Friday, 6:00 pm EDT - 8:15 pm EDT September 5, 2025
The Center for Fiction
& Livestreamed
On the first Friday of the month, join us as we celebrate and launch a selection of the best debut novels published today. Be among the first to discover boundary-pushing and world-expanding work from exciting new voices in fiction.
Kick off the weekend with a happy hour at our cash bar for ticket holders in our Members Lounge starting at 6pm. Then, at 7pm, we’ll move to our auditorium for readings from the featured debut novelists, followed by a short moderated conversation. The party continues with book signings and signature cocktails to round out the night. Go home with something new—a book, a friend, a favorite Friday night tradition.
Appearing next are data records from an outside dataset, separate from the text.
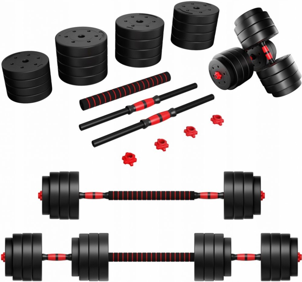 - Součástí balení jsou: 2 hmatníky (0,5 kg každý), spojování, 4 svorky, 16 zátěžových talířů – 1,25 kg (4 kusy), 2,5 kg (4 kusy), 3 kg (8 kusů)
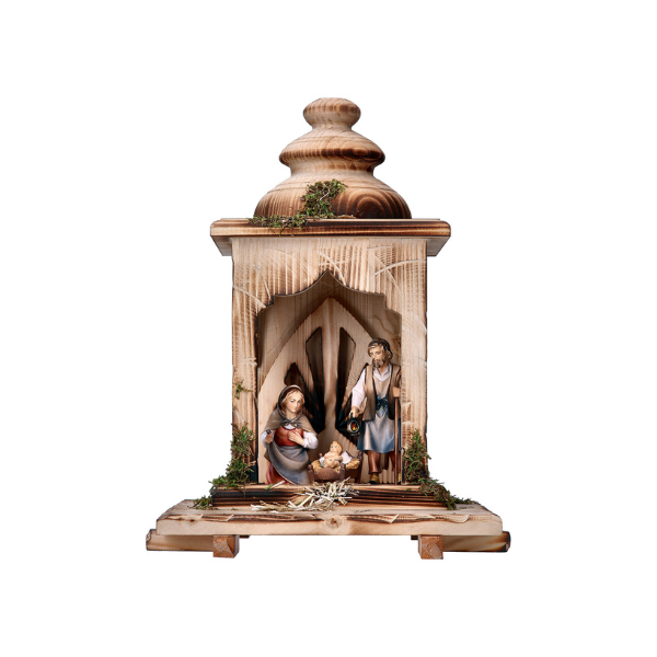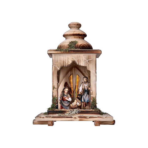 Die Grödner Holzschnitzerei Krippenset 5 teilig im Laternenstall Hirtenkrippe wird nach dem Entwurf eines Bildhauers mit viel Liebe und hohem holzschnitzerei handwerklichen Anteil gefertigt, wodurch jede holzgeschnitzte Figur ein geschnitztes Unikat ist. Durch die Handbemalung der geschnitzten Holzfigur können geringfügige Abweichungen zur Abbildung vorliegen.
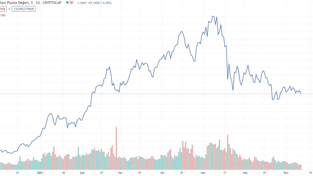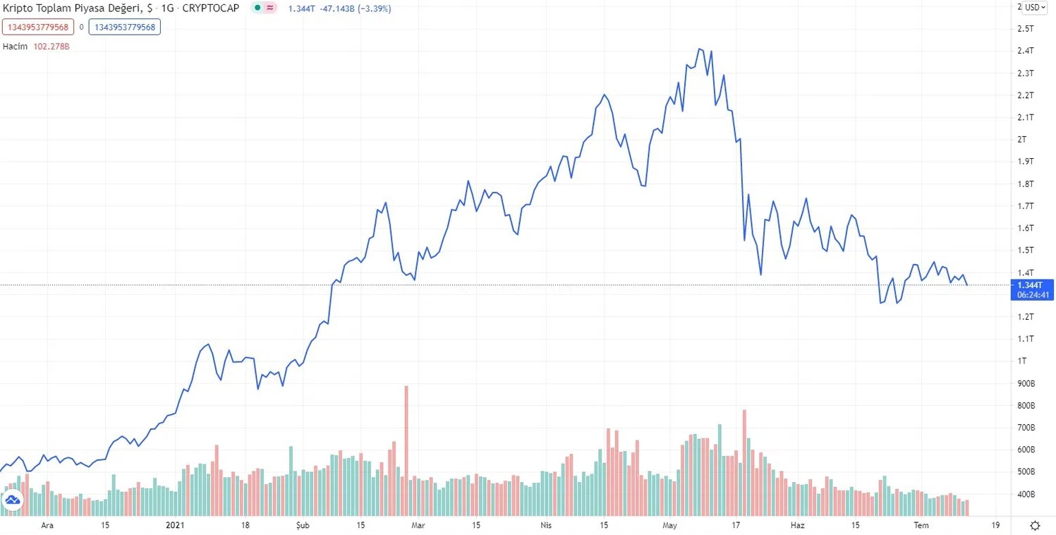 CryptoCompare'in verilerine göre, haziran ayında, kripto borsası spot işlemleri %42.7 düşüş ile 2.7 trilyon dolara, türev hacimleri %40.7 düşüşle 3.2 trilyon dolara geriledi. Bitcon ağır bir düşüş ile geçen ay %6'dan fazla değer kaybetti ve ocak ayından bu yana en dip seviyesini gördü.
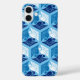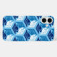 Coque dans un kimono japonais classique motif de grues stylisées, arrangé dans un motif d'hexagones, en bleu marine / indigo, bleu moyen et blanc, sur un arrière - plan bleu ciel clair
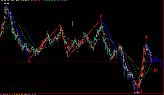 在前期的数浪子浪3-1浪从65.77跌到60.06美元,跌幅为5.71美元,3-2浪从从60.06美元涨到62.34美元,涨幅为2.28美元,3-2浪回撤了3-1浪的39.9%左右,3-1浪从62.34美元跌到55.96美元,跌幅为6.38美元,而经过上周五的走势之后,就得重新数浪了,也需55.96美元就是主跌3浪的终点了,而目前的上涨是4浪的上涨,这个是从行情从67.68美元这样数浪得出的55.96美元是3浪的终点,因为如果按照前期的数浪思路来的话,也就是目前行情从55.96美元上涨到62.59美元是3-2浪的,那么行情还有经过3-3以及3-5浪的下跌才能走完完整的主跌3浪,最后还有一个主跌5浪,那么按照这样的浪型走势,行情最终就要跌到45美元左右了,而把上周这波上涨看着是4浪,目前的下跌是5浪的开始,那么行情最终是破55美元去试探50美元关口才能走完主跌5浪了,不管怎样,至少在方向是一致的,那我们今日继续用小的止损去博弈空。

This month’s novels explore questions of belonging and examine the effects of systems of power, including families, corporations, governments, and the laws of nature. We are thrilled to welcome award-winning author Jacqueline Woodson (Brown Girl Dreaming, Red at the Bone) as the evening’s moderator. We hope you will support our featured debut novelists by purchasing their books at the event (purchase all three for 15% off). Space is limited, so reserve your spot today!
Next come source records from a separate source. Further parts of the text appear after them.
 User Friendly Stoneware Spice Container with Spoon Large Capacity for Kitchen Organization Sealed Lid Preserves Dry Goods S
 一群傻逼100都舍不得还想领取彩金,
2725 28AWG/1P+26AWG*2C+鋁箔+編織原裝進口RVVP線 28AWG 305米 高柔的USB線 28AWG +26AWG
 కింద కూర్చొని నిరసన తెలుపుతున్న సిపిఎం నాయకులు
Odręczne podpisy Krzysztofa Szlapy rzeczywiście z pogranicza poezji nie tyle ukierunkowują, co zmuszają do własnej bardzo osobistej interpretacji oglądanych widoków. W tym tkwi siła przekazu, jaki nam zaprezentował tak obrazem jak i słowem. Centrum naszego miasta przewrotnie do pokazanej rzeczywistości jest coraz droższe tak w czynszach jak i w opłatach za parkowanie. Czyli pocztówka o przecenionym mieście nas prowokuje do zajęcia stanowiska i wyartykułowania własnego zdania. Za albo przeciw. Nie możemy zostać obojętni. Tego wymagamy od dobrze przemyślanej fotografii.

We offer two in-person ticket options: the $5 Community Ticket and the $15+ Supporter Ticket. Both provide the same access, but if you’re able, we kindly suggest registering for the Supporter Ticket to help sustain our programs for emerging writers.
September’s Featured Debuts:
Dominion by Addie E. Citchens
In Dominion, Addie E. Citchens tells the story of a powerful Black Southern family ruled by Reverend Sabre Winfrey, a man of faith, ambition, and control. His youngest son, Emmanuel—nicknamed Wonderboy—adored for his beauty and talent, faces a life-altering encounter that unsettles their carefully maintained world. Through the voices of the women around them, the novel explores how patriarchy thrives through silence, complicity, and fear—balancing moments of tenderness with the brutal weight of inherited power.
These Memories Do Not Belong to Us by Yiming Ma
In a future dominated by the Qin Empire, memories are no longer private. Through implanted Mindbanks, experiences can be bought, sold, and altered—fueling a society obsessed with living other people’s lives. When a young man inherits his late mother’s cache of forbidden memories, he uncovers a hidden history the regime wants to erase. Sweeping across time and place, These Memories Do Not Belong to Us is a bold exploration of control, resistance, and the fight to preserve truth.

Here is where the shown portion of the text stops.